Confirming observations of comment 5, i.e. that Edit -> Paste special: Unformatted text handles the 5-hex-digit characters correctly. Also that regular Paste, or Paste Special: HTML is corrupting the pasted text and losing character.

Adjusting font with a combination of Bravua Text and Segoe Symbol UI correctly show all glyphs on Paste Special: unformatted.
Comment 8 Mark Hung 2016-01-06 23:59:00 UTC
*** Bug 85316 has been marked as a duplicate of this bug. ***
Comment 9 Commit Notification 2016-02-13 08:06:49 UTC
Mark Hung committed a patch related to this issue.
It has been pushed to "master":

http://cgit.freedesktop.org/libreoffice/core/commit/?id=4647e778993250b8c9431e2890750916fb986ecc

tdf#81129 Support reading non-BMP characters in HTML documents.

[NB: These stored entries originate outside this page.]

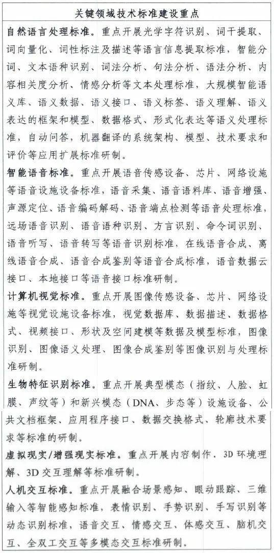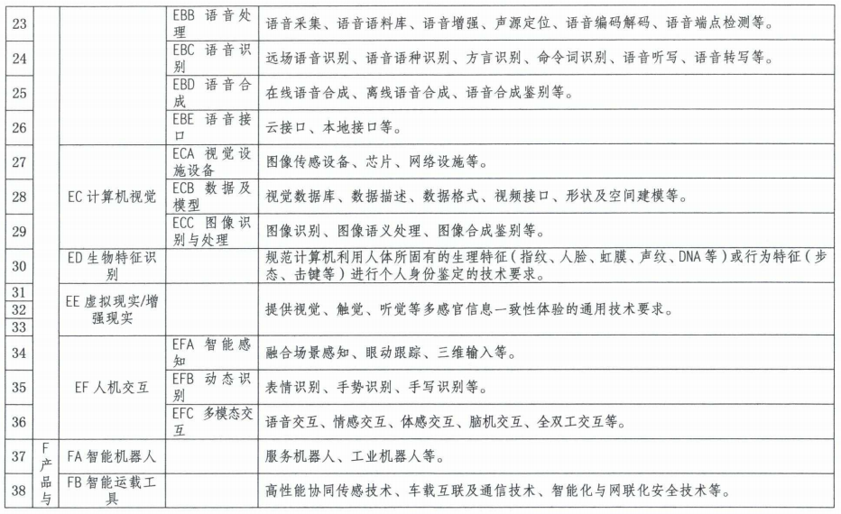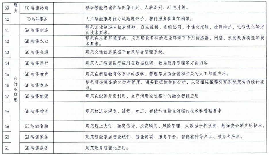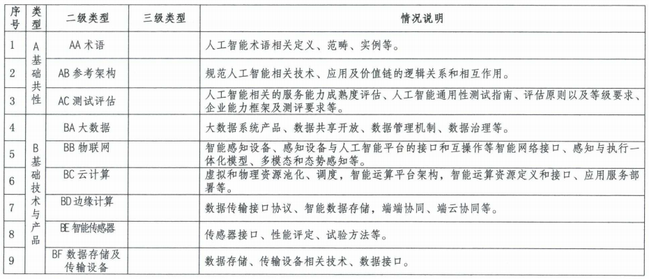 附表:人工智能標(biāo)準(zhǔn)研制方向明細(xì)表
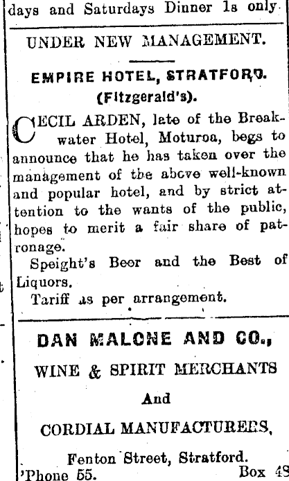 days and Saturdays Dinner Is only UNDER NEW MANAGEMENT, j EMPIRE HOTEL, STRATFOfyO. I (Fitzgerald's). *IECIL ARDEN, late of the BreakJ water Hotel, Moturoa, begs to announce that he has takoa over the management of the above well-known and popular hotel, and by strict attention to the wants of the public, ' hopes to merit a fair share of patronage. Speight's Beer and the Best of Liquors. 1 Tariff *is per arrangement. DAN SALOME AND CO., WINE & SPIRIT MERCHANTS And CORDIAL MANUFACTURERS, Fen ton Street, Stratford. 'Phone 65. 2°x 43
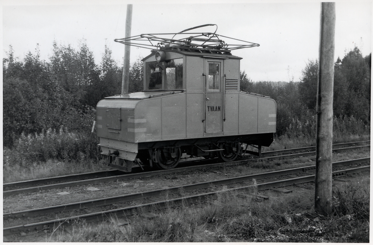 Industriloket på spåret i Robertsfors. Robertsfors k+a "Tvåan". Tillverkad av Asea nr. 179.
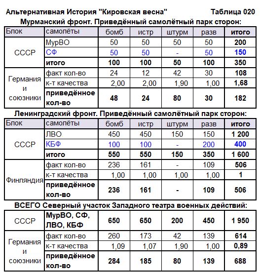 В альтернативной истории «Кировская весна» соотношение фактического и приведенного числа боевых самолетов в зонах ответственности Мурманского и Ленинградского военных округов с учетом сил Северного и Краснознаменного Балтийского флота указаны в таблице 20:
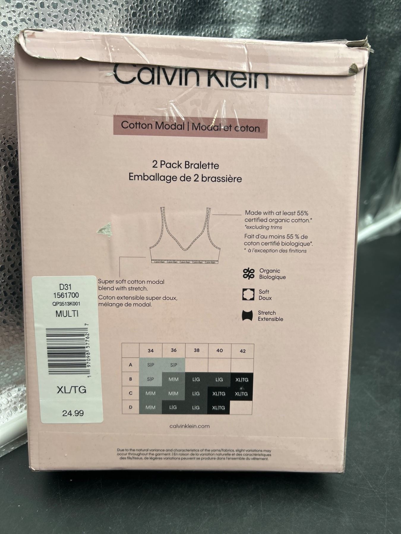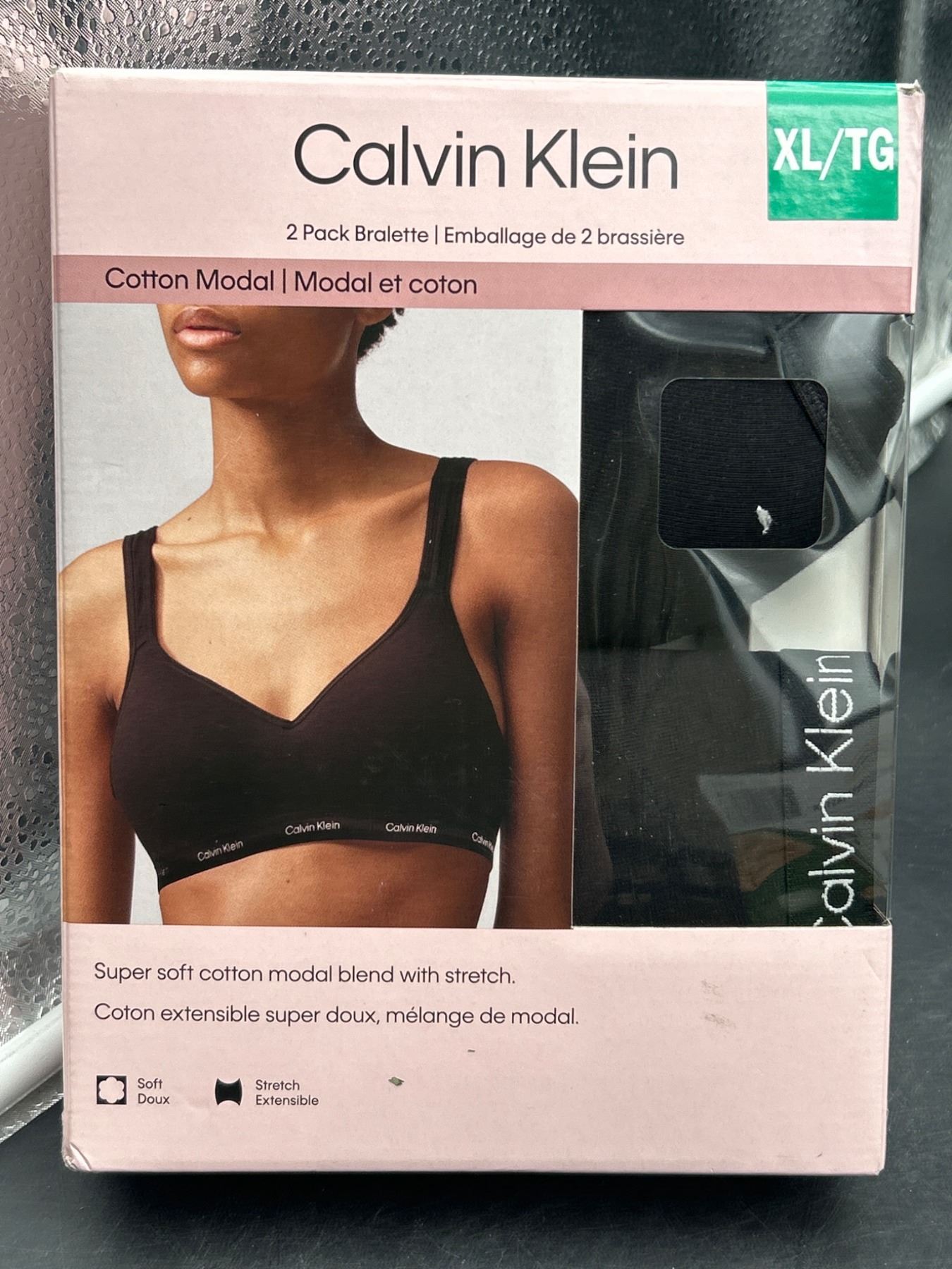 This listing features a 2-pack bralette set from Calvin Klein. This set is crafted from a cotton modal blend with stretch for added comfort. Size is XL/TG, and product code is CJ1 1913740. The color is black as marked by the 'MULTI' identifier on the label. The bralettes are designed with a scoop neckline and adjustable straps.
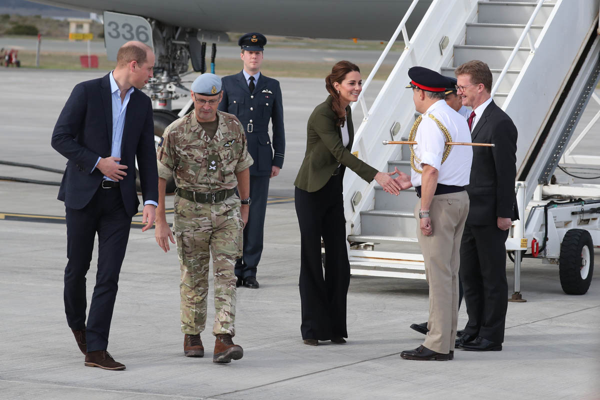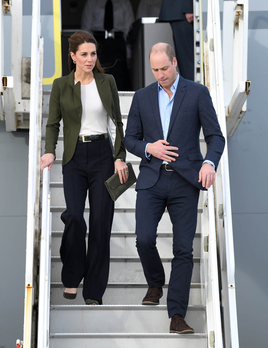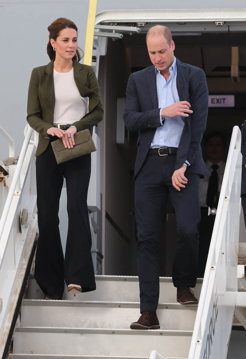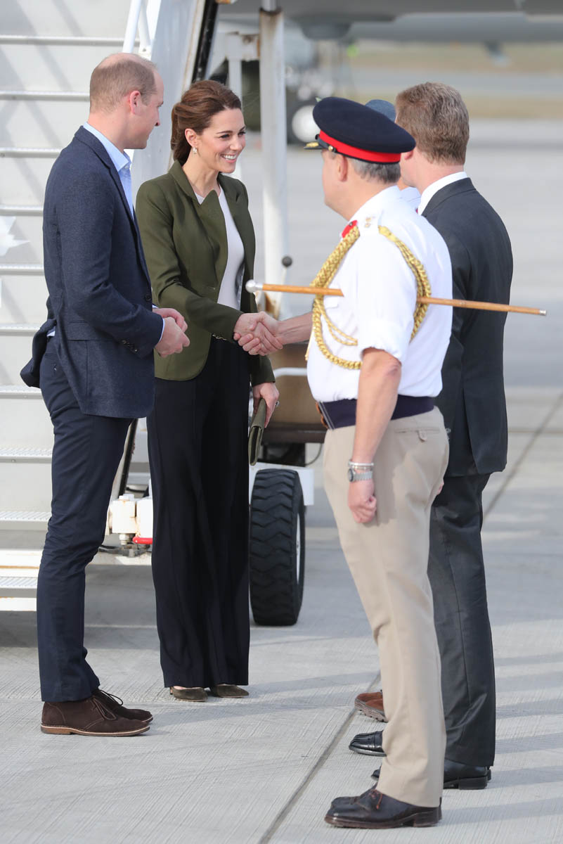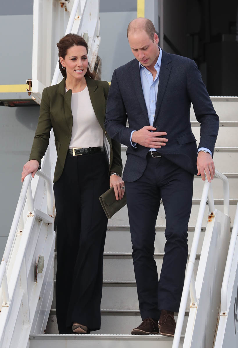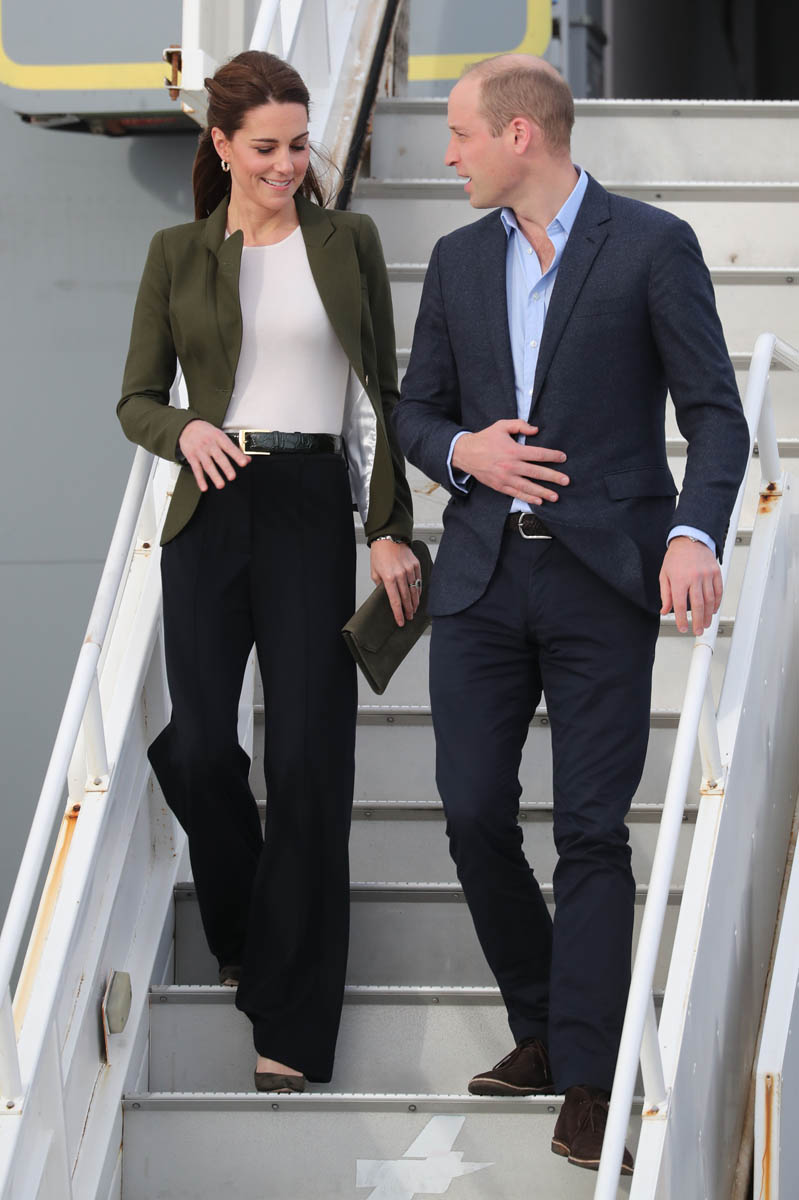 It’s a busy schedule for the Cambridges though as they’re in Cyprus today visiting with thousands of military personnel who’ll be stationed abroad during the holidays. Wasn’t expecting to see her in trousers, were you? This is, as they might say in Britain, such a smart outfit. Really, really polished. Those pants fit her perfectly. They’re perfectly pressed. That’s a great belt too. And the white shirt underneath is a crisp, fresh contrast to the olive jacket. It’s a strong look, back to back to back strong looks, if you count yesterday’s tartan skirt, followed by the ball gown, and now today’s all-business outfit. There’s been an extra zing to Kate’s wardrobe the last few months, non?

It will be available in 5.2.0.

The patch should be included in the daily builds available at
http://dev-builds.libreoffice.org/daily/ in the next 24-48 hours. More
information about daily builds can be found at:
http://wiki.documentfoundation.org/Testing_Daily_Builds

Affected users are encouraged to test the fix and report feedback.